Por: Pascual Gaviria Uribe.
Han pasado largos años desde su primera elección presidencial y todavía hoy, con más canas y pecados, buena parte de la política de su país se divide entre sus fervientes enemigos y sus leales seguidores.
Los partidos tradicionales pasaron a ser franquicias que estorban y manchan, mientras las aventuras personales marcan las elecciones de hoy. Seis meses antes de su primera elección era un personaje apenas conocido, lejos de los primeros puestos en las encuestas. Era el momento de caminar y cargar contra las élites políticas. Los corruptos y las camarillas partidistas fueron su blanco predilecto durante la primera campaña, había llegado la hora de la honestidad y del trabajo. Y de la guerra.
El terrorismo de la guerrilla dejaba claro al enemigo y las prioridades: mayor protagonismo de los militares, mayores licencias y mayor presupuesto de guerra. Los documentos oficiales dejaban muy clara la estrategia: “Se propone un gobierno CIVIL-MILITAR, en el cual las Fuerzas Armadas conscientes con (sic) su responsabilidad patriótica asumen el compromiso de dirigir los destinos de la Patria”.

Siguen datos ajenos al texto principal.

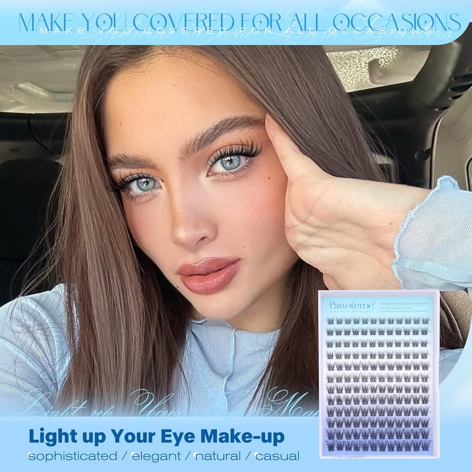 Pawotence Wispy Lash Clusters Natural Eyelash Clusters 8-16mm Cluster Eyelash Extensions 144pcs Fairy Individual Lashes Wispy Cluater Lashes Extension Natural Look

Los golpes a la guerrillera se celebraron en todo el país y la popularidad del presidente crecía en la calle y en las encuestas. La opinión entregaba nuevos beneplácitos y privilegios, las victorias militares se tradujeron en victorias políticas. Poco a poco los políticos tradicionales, antes vituperados, comenzaron a sumarse a ese gobierno invencible.
Vinieron las reformas constitucionales para adaptar las instituciones al nuevo mandatario (y a los clamores nacionales). Vino, por supuesto, un segundo periodo presidencial, recién aprobado por un parlamento ya obediente y un triunfo apabullante en las urnas. El pequeño y desconocido candidato de unos años atrás ahora era una suerte de titán autocrático.
Pero aparecieron los aguafiestas desde algunos medios de comunicación y desde una arrinconada oposición. Los abusos militares se hicieron patentes, algunos triunfos militares devinieron en masacres luego de complejos procesos judiciales y las familias de las víctimas arreciaron sus alegatos en contra de un Estado que había asesinado civiles inermes para amedrentar y demostrar el avance de la “legalidad”.
Los organismos de inteligencia comenzaron a seguir a periodistas, opositores y líderes sociales. El gobierno actuaba cada vez más como un cuartel de inteligencia que como un consejo ministerial.
Entonces se hizo necesario un tercer periodo presidencial. Era más un sacrificio personal del líder carismático que una usurpación. El desafuero tenía a las Cortes advertidas y algunos legisladores alertas. Se cargó contra las cortes y se tranzó con los legisladores. Asesores cercanos al presidente fueron condenados por entregar dádivas públicas a congresistas a cambio de facilitar un tercero y salvador periodo.
Los resplandores iniciales se hicieron turbios y las condenas llegaron también para miembros del ejército y funcionarios de inteligencia que demostraron ser la mano negra detrás del gobierno vociferante.
Ahora las grandes discusiones se centran en cuánta justicia es necesaria para ser llamada tal para quienes salvaron la patria, independientemente de algunos excesos, del poder armado y tiránico de las guerrillas. Y por supuesto, en el más grande de los interrogantes: ¿Quién es el heredero legítimo y confiable de aquel presidente que todavía parte al país en dos mitades casi iguales?